The pass game was equally devastating even if not as wildly productive. Carson Wentz was spot on in completing 22 of 30 for 272 yards and three TDs. He was sacked only once, a zero-yarder, and didn't turn the ball over after throwing two costly interceptions late in the Colts' home overtime loss to the Titans.

"Against the zone defense, Carson was doing a good job early in the game getting rid of the football and finding soft spots in the zone," Saleh said. "They did a good job of getting it to their open people. Obviously, they were a lot faster and a lot better than we were today on defense."

See Best Images from the Game at Lucas Oil Stadium

For any fans who thought the loss was worse because Indy was easing up as the game wore on, the coach disabused them of that notion.

"First off, they're throwing in the fourth quarter, all the starters were in, they were trying to score. They didn't take their foot off the gas," Saleh said. "I can promise you, they had their starters in till the very last whistle, they played their normal coverages, they were blitzing. Believe me, the D-coordinator doesn't want to give up all those yards."

That observation, however, didn't take the pain out of the loss or out of the news that the Jets have lost S Marcus Maye to an Achilles injury.

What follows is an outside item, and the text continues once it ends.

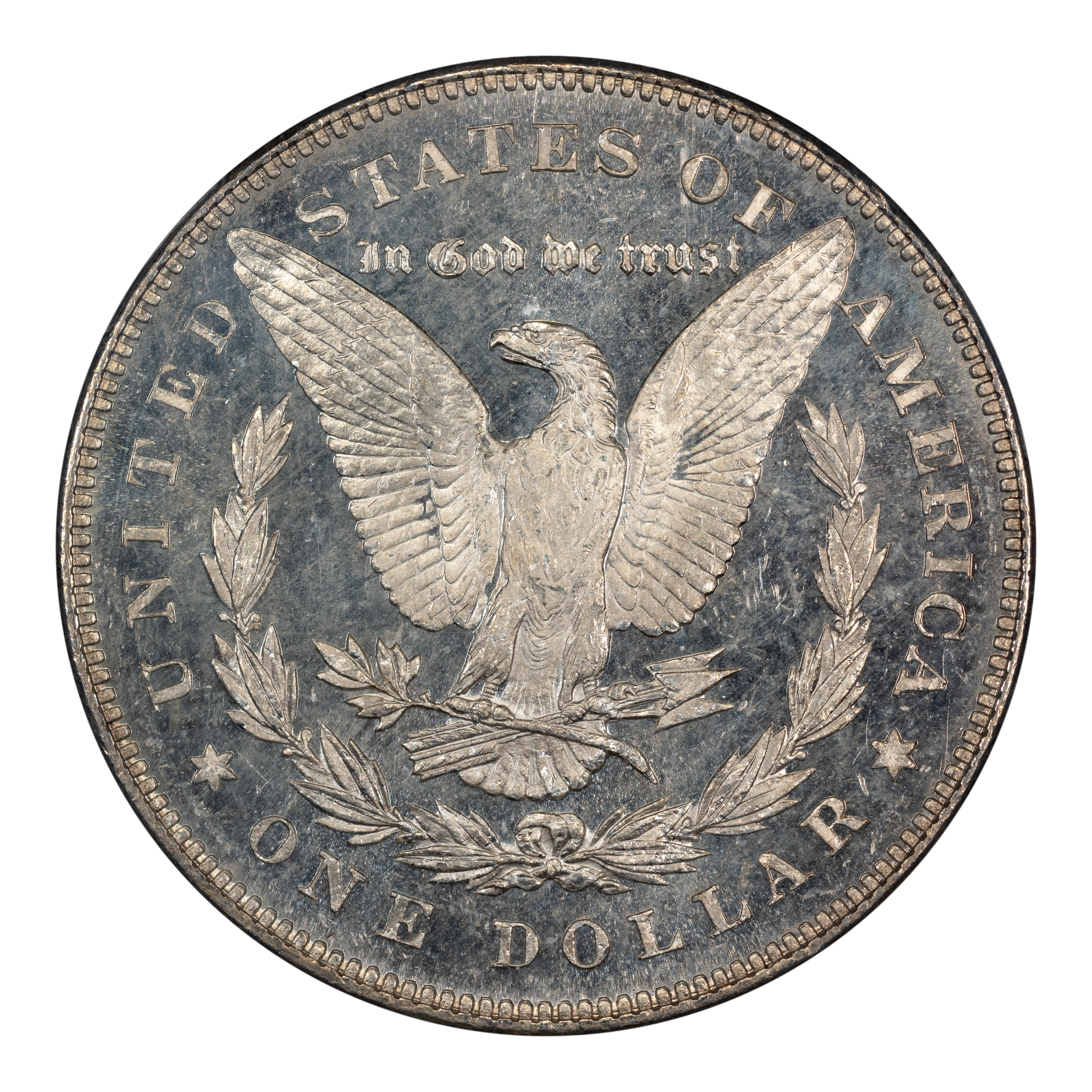 Reverse: The heraldic eagle is centered holding a bunch of arrows and branch surrounded by and olive leaves. The words UNITED STATES OF AMERICA * ONE DOLLAR frame the periphery. Mint mark, if any, appears above the letters DO of DOLLAR.
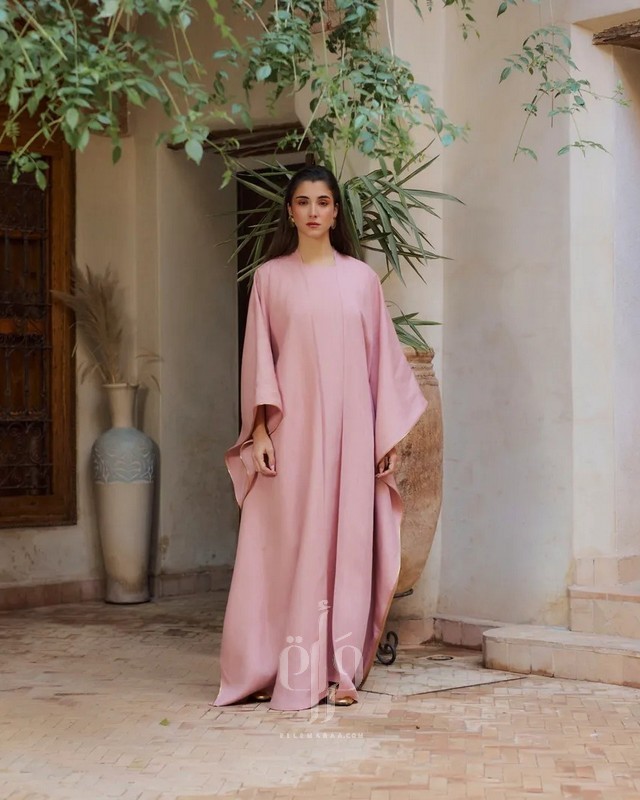 من الصيحات اللافتة أيضاً العباءة الهجينة التي تشبه المعطف الطويل، حيث تُرتدى فوق فستان بسيط أو طقم أنيق. ويمكن تنسيقها مع حزام لإبراز القوام أو ارتداؤها بشكل مفتوح لإطلالة أكثر عصرية.

"It doesn't look good," Saleh said of the injury. "Losing him, it's huge. You look at that secondary — he's the veteran. You've got a lot of second-year and rookie players. Marcus was that settling force back there. He's also a heck of a football player. But I'm more concerned with Marcus that with what we'll do on defense to fill that void. He's a fantastic young man. I'm sick for him."